Improve Your Communication SkillsBack to Articles By Gwendolyn E. Talbot, M.A.
One of the biggest problems with audible pauses such as "um, ah, you know, ok, and so forth," is that they tend to reduce the speaker's credibility. They are just filler words and carry no information. They are often used because the individual is thinking about what he or she is going to say next. The individual believes that something is better than a pause. These "um, er, and ahs" interfere with the delivery of a message and become annoying to the listener.
On the other hand, a well-placed pause can enhance the
effectiveness of the message and give the listener time to process or reflect on
the information. Inflection and vocal variety also enhance the message and
convey significant information. Imagine trying to use sarcasm without good vocal
variety and inflection. It would not make any sense.
Audible pauses and over-used phrases can be eliminated. First, the individual has to become aware that he or she is doing them. Awareness is always the first step to correction and elimination of bad habits.
A supportive environment is extremely helpful to make the corrective process motivating and pleasant for the speaker. These habits can be eliminated when the improvement in speech is recognized by both the speaker and listener in a supportive environment. A Toastmasters Club is such an environment. To find one near you, call 1 800 9WESPEAK (1 800 993-7732) or visit their web site: http://www.toastmasters.org.

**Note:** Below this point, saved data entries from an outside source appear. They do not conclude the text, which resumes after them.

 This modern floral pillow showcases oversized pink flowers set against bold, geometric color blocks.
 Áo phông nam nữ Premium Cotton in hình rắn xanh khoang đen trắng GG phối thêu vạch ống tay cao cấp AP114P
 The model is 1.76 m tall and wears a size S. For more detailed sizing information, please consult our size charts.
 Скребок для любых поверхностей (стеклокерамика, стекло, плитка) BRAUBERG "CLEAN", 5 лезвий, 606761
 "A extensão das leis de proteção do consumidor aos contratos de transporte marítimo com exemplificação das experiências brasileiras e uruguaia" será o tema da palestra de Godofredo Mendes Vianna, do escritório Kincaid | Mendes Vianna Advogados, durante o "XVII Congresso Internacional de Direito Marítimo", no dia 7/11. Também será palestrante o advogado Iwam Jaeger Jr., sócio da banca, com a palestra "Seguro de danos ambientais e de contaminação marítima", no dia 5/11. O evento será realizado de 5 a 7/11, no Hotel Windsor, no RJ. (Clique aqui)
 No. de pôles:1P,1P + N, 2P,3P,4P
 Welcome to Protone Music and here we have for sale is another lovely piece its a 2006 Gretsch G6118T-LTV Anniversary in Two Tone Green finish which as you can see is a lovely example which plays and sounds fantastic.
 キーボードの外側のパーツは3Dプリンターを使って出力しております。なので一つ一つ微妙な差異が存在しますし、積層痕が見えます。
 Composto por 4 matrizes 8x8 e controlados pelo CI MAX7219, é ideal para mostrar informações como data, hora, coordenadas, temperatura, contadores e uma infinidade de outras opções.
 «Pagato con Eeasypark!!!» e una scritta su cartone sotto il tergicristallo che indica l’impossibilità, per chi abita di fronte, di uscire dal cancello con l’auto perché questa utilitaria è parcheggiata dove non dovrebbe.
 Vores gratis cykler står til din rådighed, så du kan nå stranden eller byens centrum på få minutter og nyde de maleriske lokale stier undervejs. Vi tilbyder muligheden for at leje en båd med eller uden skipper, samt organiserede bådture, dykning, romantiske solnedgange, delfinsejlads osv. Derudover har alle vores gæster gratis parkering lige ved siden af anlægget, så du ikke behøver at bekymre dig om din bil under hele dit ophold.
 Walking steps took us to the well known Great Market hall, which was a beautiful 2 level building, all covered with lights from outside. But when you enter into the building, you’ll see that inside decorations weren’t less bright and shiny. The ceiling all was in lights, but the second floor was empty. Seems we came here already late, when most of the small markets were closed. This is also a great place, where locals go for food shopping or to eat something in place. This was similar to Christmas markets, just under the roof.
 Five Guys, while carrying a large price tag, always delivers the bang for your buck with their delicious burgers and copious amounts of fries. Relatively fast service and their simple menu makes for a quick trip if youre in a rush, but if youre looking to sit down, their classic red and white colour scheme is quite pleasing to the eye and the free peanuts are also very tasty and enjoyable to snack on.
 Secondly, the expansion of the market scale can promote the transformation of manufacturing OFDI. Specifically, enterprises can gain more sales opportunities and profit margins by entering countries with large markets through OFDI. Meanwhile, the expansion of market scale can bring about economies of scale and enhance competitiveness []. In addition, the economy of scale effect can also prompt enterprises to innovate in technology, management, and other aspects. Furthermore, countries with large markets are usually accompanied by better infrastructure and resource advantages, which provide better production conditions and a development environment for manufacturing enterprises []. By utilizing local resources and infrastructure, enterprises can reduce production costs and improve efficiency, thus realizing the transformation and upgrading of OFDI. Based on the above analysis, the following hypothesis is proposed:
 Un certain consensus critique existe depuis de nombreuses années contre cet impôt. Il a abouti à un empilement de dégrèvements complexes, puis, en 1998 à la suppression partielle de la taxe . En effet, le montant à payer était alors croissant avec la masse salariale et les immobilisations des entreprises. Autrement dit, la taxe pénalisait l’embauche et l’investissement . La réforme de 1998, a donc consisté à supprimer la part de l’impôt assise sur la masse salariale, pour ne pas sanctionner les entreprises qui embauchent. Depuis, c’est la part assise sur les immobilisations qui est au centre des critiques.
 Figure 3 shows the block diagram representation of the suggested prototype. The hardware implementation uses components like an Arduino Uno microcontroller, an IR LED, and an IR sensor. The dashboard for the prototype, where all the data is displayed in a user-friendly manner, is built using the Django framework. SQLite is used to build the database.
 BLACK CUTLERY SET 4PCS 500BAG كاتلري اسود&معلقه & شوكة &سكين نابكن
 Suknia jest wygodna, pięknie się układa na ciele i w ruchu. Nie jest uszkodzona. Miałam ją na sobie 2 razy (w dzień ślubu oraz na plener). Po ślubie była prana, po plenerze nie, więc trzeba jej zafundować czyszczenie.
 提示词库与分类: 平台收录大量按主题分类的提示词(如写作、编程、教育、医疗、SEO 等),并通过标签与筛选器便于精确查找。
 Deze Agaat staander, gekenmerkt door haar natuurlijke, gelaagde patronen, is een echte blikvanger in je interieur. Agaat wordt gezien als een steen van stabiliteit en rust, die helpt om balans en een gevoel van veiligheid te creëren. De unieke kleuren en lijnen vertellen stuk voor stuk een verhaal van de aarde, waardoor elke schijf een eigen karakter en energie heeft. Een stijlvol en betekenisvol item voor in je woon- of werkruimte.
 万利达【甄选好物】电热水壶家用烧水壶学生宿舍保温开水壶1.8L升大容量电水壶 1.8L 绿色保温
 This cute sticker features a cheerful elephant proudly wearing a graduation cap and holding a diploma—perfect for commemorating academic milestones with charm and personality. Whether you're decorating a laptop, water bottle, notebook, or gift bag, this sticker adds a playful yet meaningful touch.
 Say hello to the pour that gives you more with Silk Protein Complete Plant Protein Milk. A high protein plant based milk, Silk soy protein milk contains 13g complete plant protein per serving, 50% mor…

Another annoying speech pattern is stuttering or stammering. There are numerous theories about stuttering, but no one knows what causes it. It is a disorder of rhythm characterized by repetitions, prolongations, or blocks which interrupt the normal rhythm of speech. Everyone has some moments of dysfluency. The biggest difference between normal dysfluencies and stuttering is the way it is perceived by the individual. Stutterers see the event as something out of their control. Nonstutterers know that they just need to concentrate and organize their thoughts to control their momentary dysfluencies. Just asking stutterers to slow down their rate of speech is usually not helpful. The problem is more complicated than that. Usually the services of a speech pathologist are needed.
The interruption of this behavior is the first area that
needs to be addressed. Increasing eye contact of the stutterer to the listener
is imperative. Good eye contact shows confidence, integrity, and is a sign of
respect to the listener. This is also a key to improving self-confidence, the
beginning of control and fluency.
Expressive inflection of voice gives variety and emphasis to the spoken word. One technique for increasing fluency is to exaggerate inflection patterns.
It is important to know how the articulators (lips, tongue, soft palate) are placed to produce each sound, so that there is movement from one sound to the next. Some exercises used for improvement of articulatory movement and elocution are tongue twisters, nursery rhymes, prayers, days of the week (said as many times as possible on one breath), months of the year, alphabet, and counting. These exercises are effective because they do not require thought to repeat. Therefore, the individual can focus on a clear, smooth, easy production of fluent speech with inflection and rhythm, while controlling airflow.
The answer to controlling stuttering is monitoring one's own speech, organizing thoughts, taking control of breathing and articulation, and pacing appropriately. However, the most important ingredient for success is a motivated and willing participant who will recognize that stuttering is a learned behavior that can be changed. It takes effort, commitment, and constant monitoring, but the stuttering behavior can be eliminated.